Как-то на глаза попались книги замечательного отечественного африканиста Аполлона Борисовича Давидсона, написанные в соавторстве с В. А. Макрушиным — «Облик далекой страны» и «Зов дальних морей». Как и почти все, что выходит из-под пера А. Б. Давидсона, они были написаны так, что захватили, вызвали желание вновь вспомнить об Африке, найти свою старую карту Черного континента, очистить от пыли те книги советских и европейских африканистов, которые я начинал собирать еще в 1980-е. С 2005 года я регулярно участвую в международных конференциях африканистов, которые проводит Институт Африки Российской академии наук, вошел в состав Научного совета РАН по проблемам Африки, не раз публиковался в «Азии и Африке сегодня».

Но, общаясь на конгрессах с ведущими российскими африканистами, всегда чувствовал: нужно найти какой-то интересный яркий сюжет, новые материалы, которые были бы неизвестны столичным специалистам. И вдруг — удача! Осенью 2011 года на одной из конференций в Институте востоковедения РАН я познакомился с ведущим российским арабистом, профессором Геннадием Васильевичем Горячкиным. Он-то и обратил мое внимание на то, что в 40-е годы XIX века египетский правитель Мухаммад Али именно на Урал направил двух египетских инженеров, чтобы те познакомились с применявшимися в России технологиями добычи золота. А после этого с территории южноуральского Златоустовского горного округа отправилась в смертельно опасное африканское путешествие экспедиция, возглавляемая горным инженером Е. П. Ковалевским. [299] В результате уральскими мастерами в египетском Судане была построена первая в истории этой страны фабрика по добыче золота. Московские и петербургские исследователи давно знали об этой истории и провели большую работу с документами по данной теме, хранящимися в федеральных архивах. Нет ли каких-либо материалов об этой экспедиции в архивохранилищах Урала? — задал мне вопрос Г. В. Горячкин. Благодаря ведущему научному сотруднику Института истории и археологии УрО РАН доктору исторических наук В. А. Шкерину и заместителю директора Государственного архива Свердловской области А. Г. Сапожникову, мне удалось выяснить, что в этом архиве хранится уникальный исторический источник — записки участника экспедиции, помощника Е. П. Ковалевского штейгера Ивана Бородина. А когда мне удалось прочитать этот исторический памятник, стало ясно: он заслуживает того, чтобы посвятить ему отдельную книгу. Сюжет оказался настолько интересным, что у меня возникло желание побывать в тех местах, где оказались египетские инженеры и откуда родом Иван Бородин — на Южном Урале. Работа в Златоустовском городском архиве и краеведческих музеях Златоуста и Миасса дала немало любопытных материалов, но главное — мне довелось своими глазами увидеть этот край, оказаться на склонах Ильменских гор, где прошла жизнь Ивана Бородина. Я смог лучше понять этого человека — простого уральского мастерового первой половины XIX века, оказавшегося в далекой Африке.

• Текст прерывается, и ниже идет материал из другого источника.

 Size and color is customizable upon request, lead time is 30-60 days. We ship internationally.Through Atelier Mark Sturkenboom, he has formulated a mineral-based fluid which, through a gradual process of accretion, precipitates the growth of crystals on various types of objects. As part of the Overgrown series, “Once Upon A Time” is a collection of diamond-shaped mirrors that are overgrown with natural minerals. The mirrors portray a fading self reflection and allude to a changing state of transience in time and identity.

Евгений Рукосуев: Расскажите немного о том, что собой представляет сам исторический источник, который лег в основу Вашей книги. Более того, нам хочется знать: как он выглядит внешне, так сказать, «материально»? По Вашему мнению, дневник писался в ходе путешествия или уже после?

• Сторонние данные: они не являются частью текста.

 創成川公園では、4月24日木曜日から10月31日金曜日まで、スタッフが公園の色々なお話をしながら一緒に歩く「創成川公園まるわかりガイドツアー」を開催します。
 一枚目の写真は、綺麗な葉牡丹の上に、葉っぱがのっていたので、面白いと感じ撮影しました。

Алексей Антошин: Это небольшая тетрадь в плотном коричневом переплете. Ее объем 40 листов. Впервые написавший об этой рукописи в 1950-е годы известный уральский историк А. Г. Козлов обозначил ее жанр как «путевой дневник» [Козлов]. По форме это действительно дневник, однако, очевидно, что писался он после возвращения из экспедиции, «по горячим следам» событий. Почерк, в частности, указывает на то, что данный труд писался не в походных условиях.

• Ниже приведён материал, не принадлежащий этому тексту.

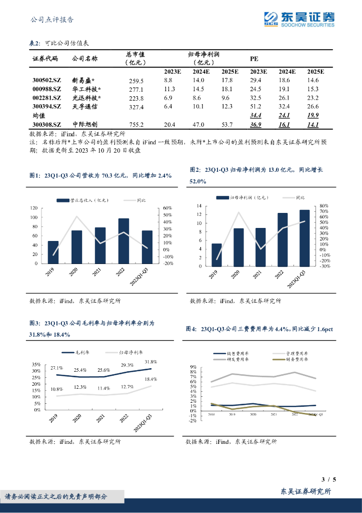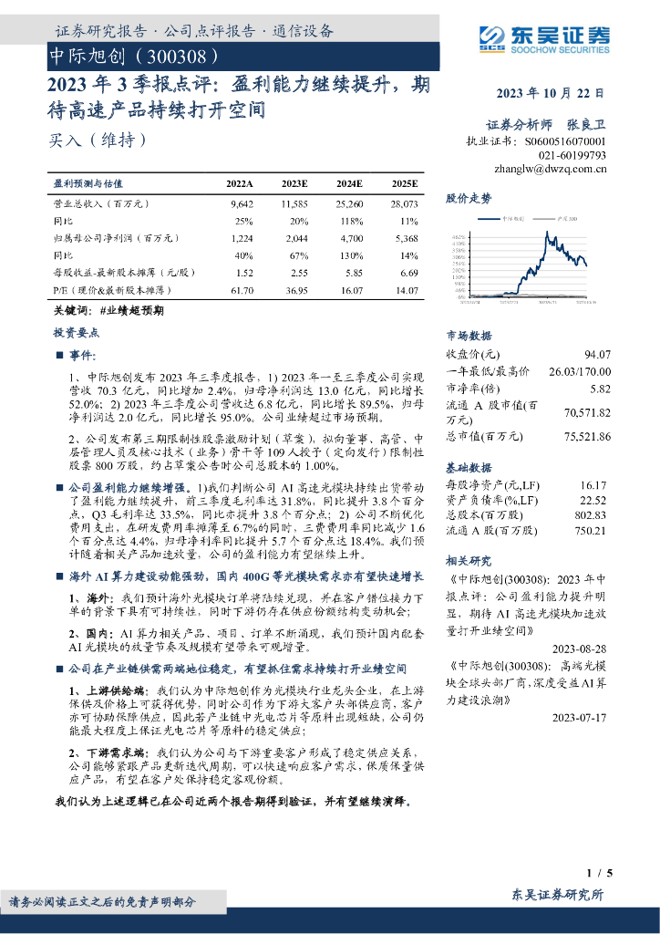 东吴证券:中际旭创(300308)-2023年3季报点评:盈利能力继续提升,期待高速产品持续打开空间.pdf

Евгений Рукосуев: Известно, что в это время русские горные инженеры после своих поездок за границу писали очень подробные и интересные отчеты, некоторые из них даже публиковались на страницах «Горного журнала». Мне хотелось бы дать небольшую справку для наших читателей, так как думаю у многих появится вопрос, где [300] простой мастеровой научился писать и читать. Казенные горные заводы Урала были своеобразным «государством в государстве», всем заправляло Уральское горное правление, в его состав входили горнозаводские округа, в состав которых входили несколько заводов, объединявшихся по производственному циклу, рудники, где добывалось сырье для работы заводов, леса, являвшиеся источниками топлива, а также золотые рудники и прииски. Все население заводских округов, мастеровые и работные люди, обязаны были выполнять различные работы, связанные с заводским производством, считались находящимися на службе, сравнимой с военной. Согласно Проекту горного положения 1806 года, все мальчики, сыновья мастеровых и работных людей, обязаны были пройти обучение в заводских школах (на заводах были нужны грамотные специалисты), те из них, кто показал «хорошее стремление к наукам», продолжали обучение в окружных училищах. Те, кто смог их окончить с хорошими отметками, имели возможность в дальнейшем при работе на заводах, рудниках и приисках получить должности мастера или штейгера, то есть младших технических начальников. Так что и автор рассматриваемого нами дневника получил образование в окружном училище и как специалист был командирован для участия в экспедиции в Египет. В связи с этим у меня вопрос: можно ли сказать, что произведение Ивана Бородина — это своеобразный черновик его отчета о пребывании в экспедиции, написанный для Златоустовского окружного начальства?

Алексей Антошин: Да, думаю, что это очень точное определение. Рукопись содержит множество помарок, иногда перечеркнуты большие фрагменты текста: видимо, Иван Трофимович размышлял, как лучше выразить ту или иную мысль. Целый ряд фрагментов рукописи (в частности, посвященных финансовым аспектам экспедиции) как будто специально были написаны в расчете на то, что их прочитают чиновники Златоустовского горного округа, участвовавшие в организации поездки.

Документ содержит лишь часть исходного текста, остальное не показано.